Regression toward the mean

In statistics, regression toward (or to) the mean is the phenomenon that if a variable is extreme on its first measurement, it will tend to be closer to the average on its second measurement—and if it is extreme on its second measurement, it will tend to have been closer to the average on its first. To avoid making incorrect inferences, regression toward the mean must be considered when designing scientific experiments and interpreting data.The conditions under which regression toward the mean occurs depend on the way the term is mathematically defined. Sir Francis Galton first observed the phenomenon in the context of simple linear regression of data points.

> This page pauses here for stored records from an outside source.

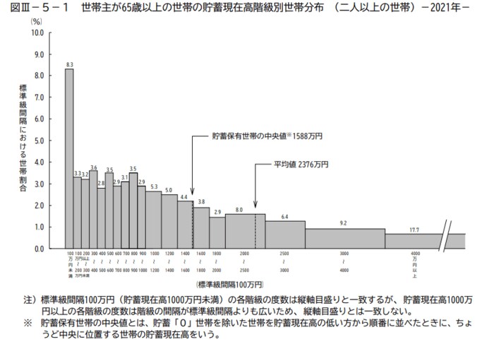 こちらの調査によると、65歳以上世帯の貯蓄平均は2376万円です。
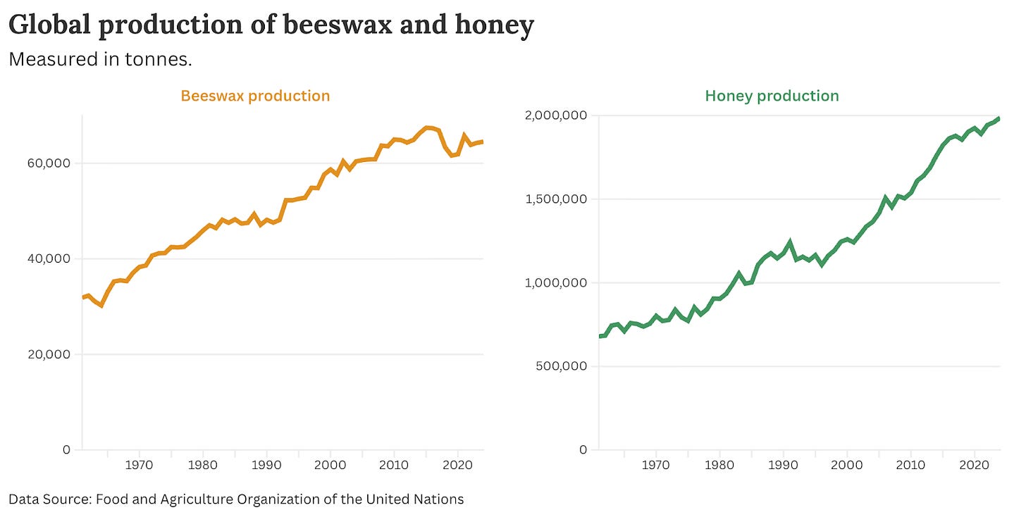 What this data shows is the number of honeybees (or, in this case, beehives, which are often used as a proxy for individual bees) that are farmed to produce honey and beeswax.1 They are, essentially, livestock.
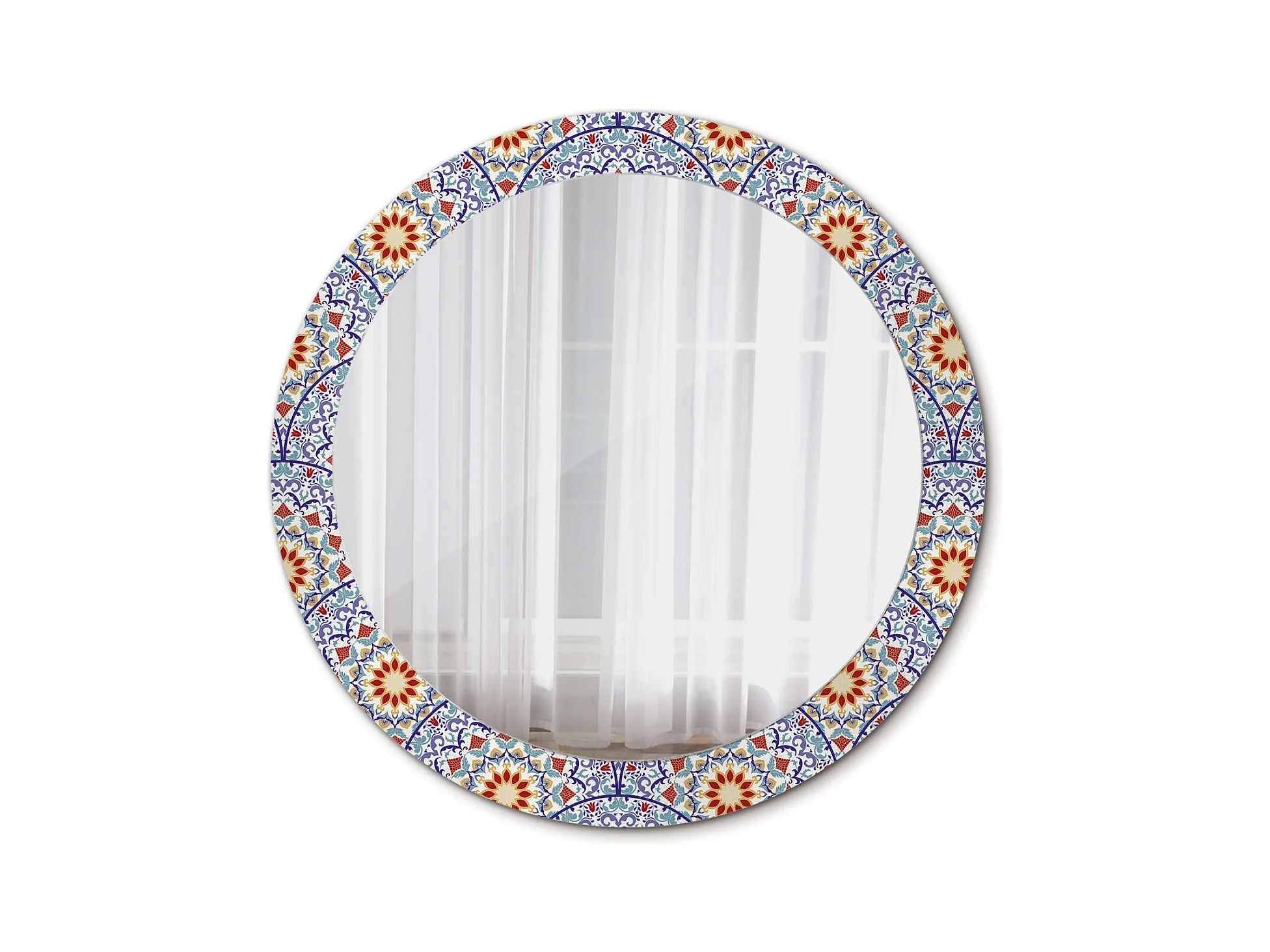 Decoratieve ronde spiegel - Blauwe bloemen - 80 cm
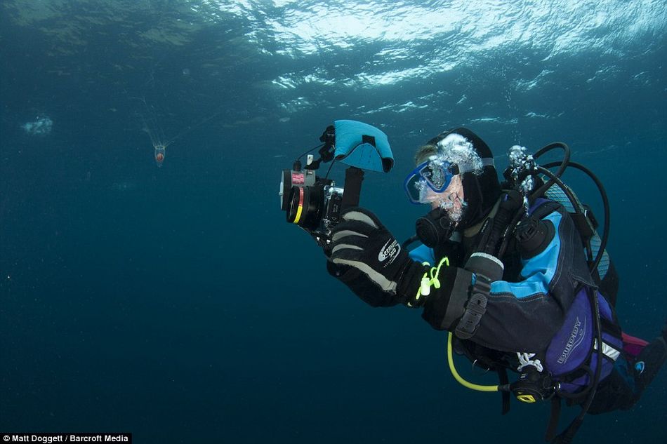 潜水员Doggett先生正在海底进行拍摄。(网站截图)
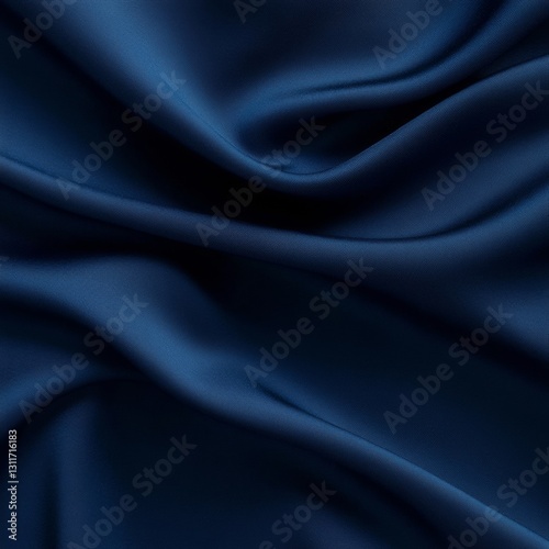 Elegant dark blue fabric with smooth folds and luxurious texture
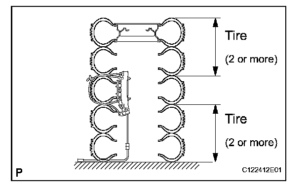1. Place at least 2 tires under the tire which the driver side knee airbag assembly is tied to.
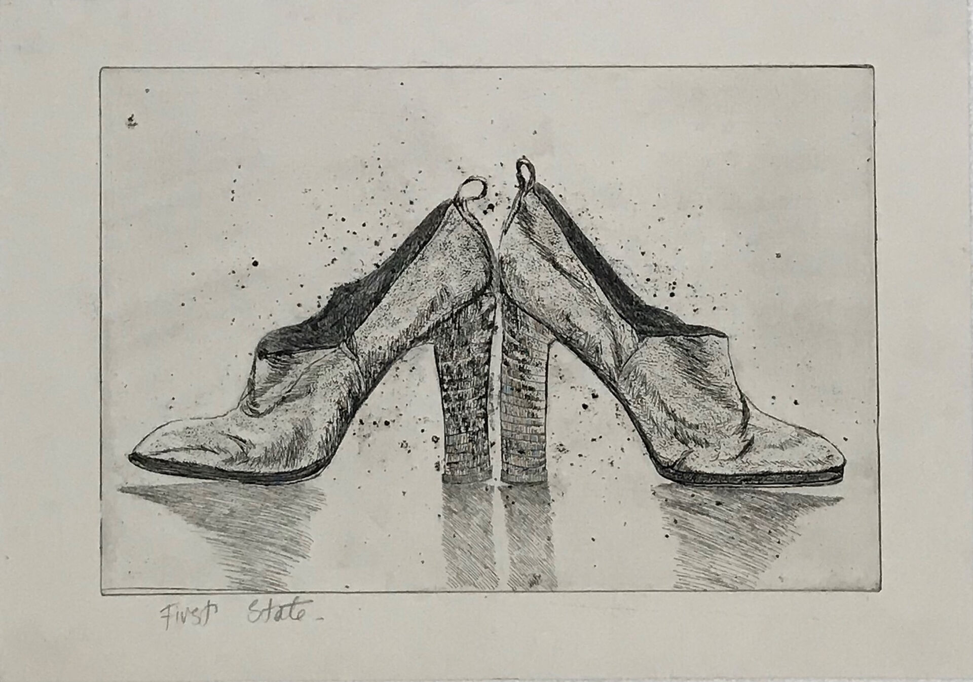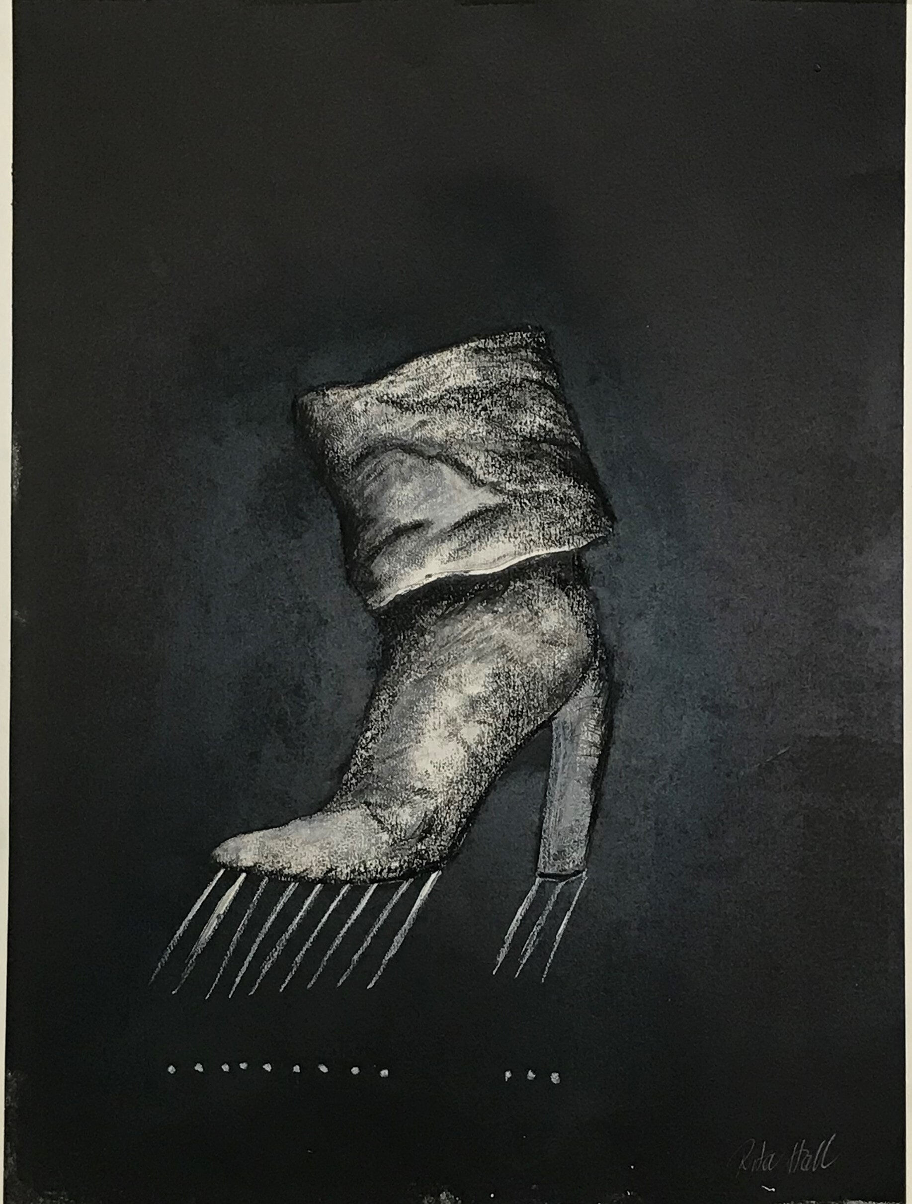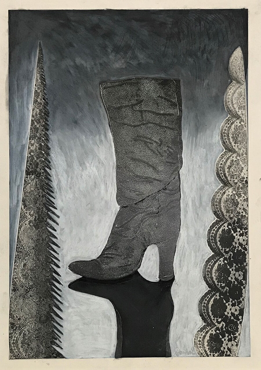 It was a shock to realize in 1997 that I was 50 years old, and that I still had much work to do. I needed to somehow mark the occasion and considered how being 50 may be different than an earlier age. High heel boots and shoes became the symbol for me. I gathered all the wonderful shoes I could no longer wear; they were all too painful and this became a moment of recognition. I made many drawings of my shoe collection, finding ways to exaggerate their elegant but painful qualities. Like the stones, I saw they had a quiet simplicity resonating with other meanings and beautiful as well.
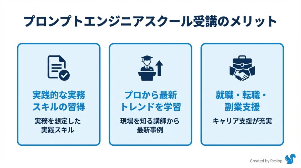 プロンプトエンジニアスクールを受講する最大のメリットは、実務を想定したプロンプト設計スキルを体系的に身につけられる点です。
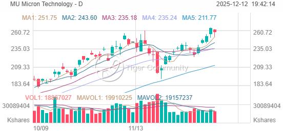 Micron closed at $258.46 on December 12th (EST), down -1.99% (-$5.25), just $6.29 below its 52-week high of $264.75.
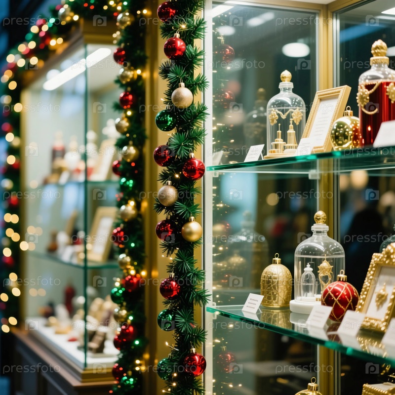 Ярко освещенная витрина в праздничном магазине выделяет красивые рождественские и новогодние декорации.Красочные украшения, стеклянные контейнеры и искрящиеся огни создают радостную атмосферу генеративного ИИ
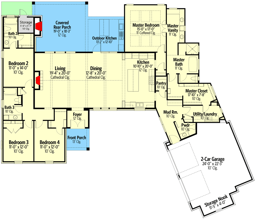 Just inside from the angled garage is a mudroom — perfect for dropping coats, bags, or shoes before entering the main living area. 12 A powder bath near the entry adds convenience for guests and keeps the main living areas more private. 13 The integration of storage, utility flow, and everyday use spaces shows this plan was designed with real life in mind.
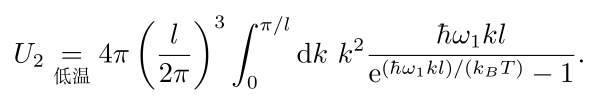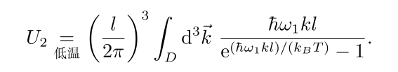 另一方面,可以考虑低温极限(T → 0)。此时,观察 U2 中的积分函数,在温度很低时
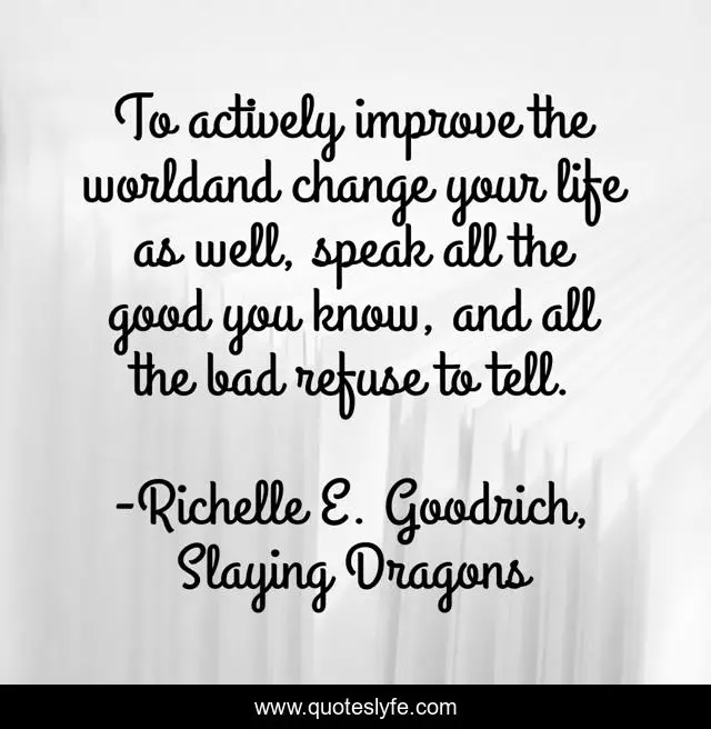 "Richelle E. Goodrich, Slaying Dragons Quotes." Quoteslyfe.com, 2025. Sun. 07 Dec. 2025. <https://www.quoteslyfe.com/quote/To-actively-improve-the-worldand-change-your-189309>.
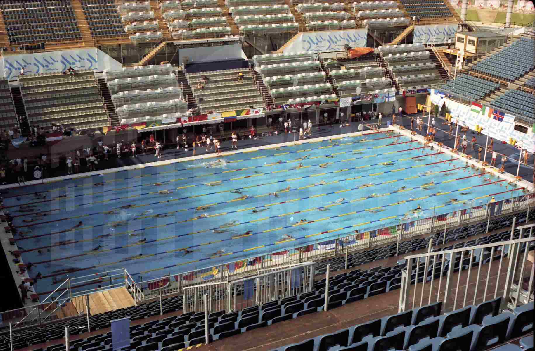 Un fotógrafo en la sede de las pruebas de natación de los Juegos Olímpicos de 1992
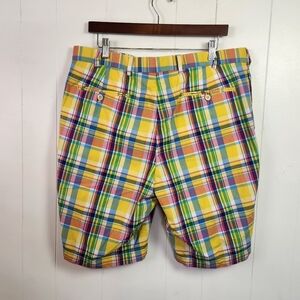 Polo Golf Ralph Lauren Links Plaid Yellow Shorts Mens Size 36 Cotton Golfing
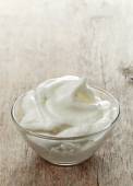 świeży jogurt serwowane w misce z przezroczystego szkła
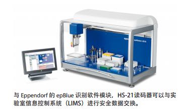 与 Eppendorf 的 epBlue 识别软件模块一起,HS-21读码器可以与实验室信息控制系统(LIMS)进行安全数据交换,简化了外部通讯。用户使用读码器还可以记录所有试剂管和微孔板上的条码。
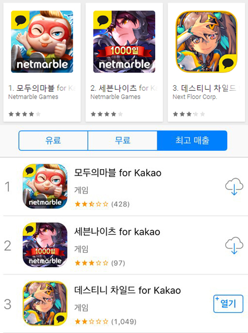 ... 11월부터 돌풍을 일으키며 약 한달여간 1위를 유지했던 '데스티니차일드'는 3위로 밀려나게 됐다. '모두의마블'은 전세계 도시를 사고파는 익숙한 방식의 모바일 보드게임으로, 두터운 팬층을 형성하며 장기간 국내 양대마켓 정상을 지켜왔던 작품이다. 또 이 게임은 전세계 2억 다운로
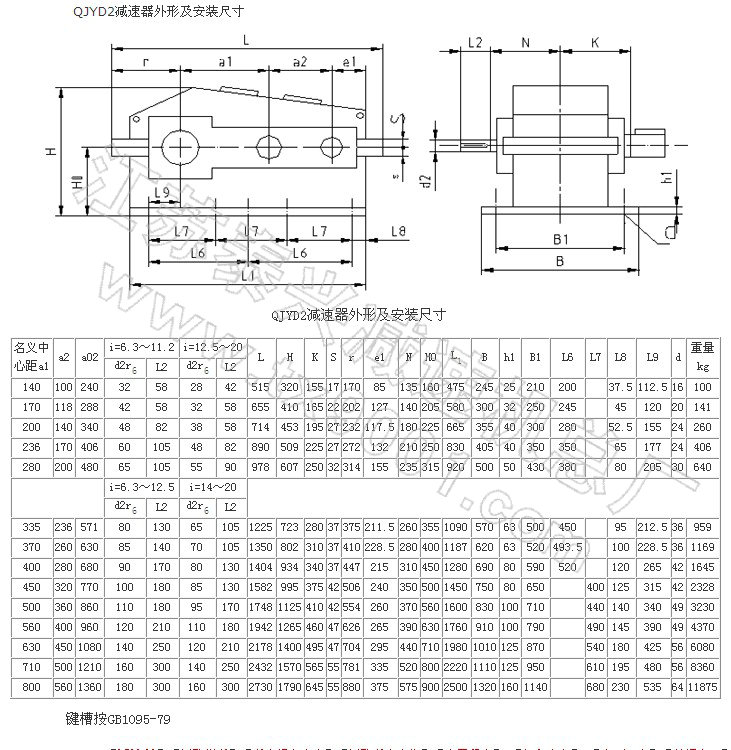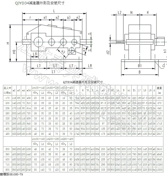 QYD、QJYD起重用减速机外形及安装尺寸
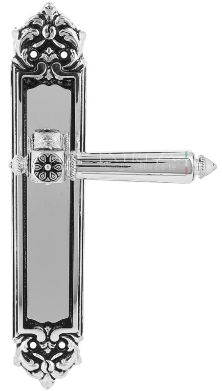 Дверная ручка Extreza "LEON" (Леон) 303 на планке PL02 натуральное серебро + черный F24

Galton developed the following model: pellets fall through a quincunx forming a normal distribution centered directly under their entrance point. These pellets could then be released down into a second gallery (corresponding to a second measurement occasion. Galton then asked the reverse question ""from where did these pellets come?"" ""The answer was not 'on average directly above'. Rather it was 'on average, more towards the middle', for the simple reason that there were more pellets above it towards the middle that could wander left than there were in the left extreme that could wander to the right, inwards"" (p 477) A less restrictive approach is possible. Regression towards the mean can be defined for any bivariate distribution with identical marginal distributions. Two such definitions exist. One definition accords closely with the common usage of the term “regression towards the mean”. Not all such bivariate distributions show regression towards the mean under this definition. However, all such bivariate distributions show regression towards the mean under the other definition.Historically, what is now called regression toward the mean has also been called reversion to the mean and reversion to mediocrity.In finance, the term mean reversion has a different meaning. Jeremy Siegel uses it to describe a financial time series in which ""returns can be very unstable in the short run but very stable in the long run."" More quantitatively, it is one in which the standard deviation of average annual returns declines faster than the inverse of the holding period, implying that the process is not a random walk, but that periods of lower returns are systematically followed by compensating periods of higher returns, in seasonal businesses for example.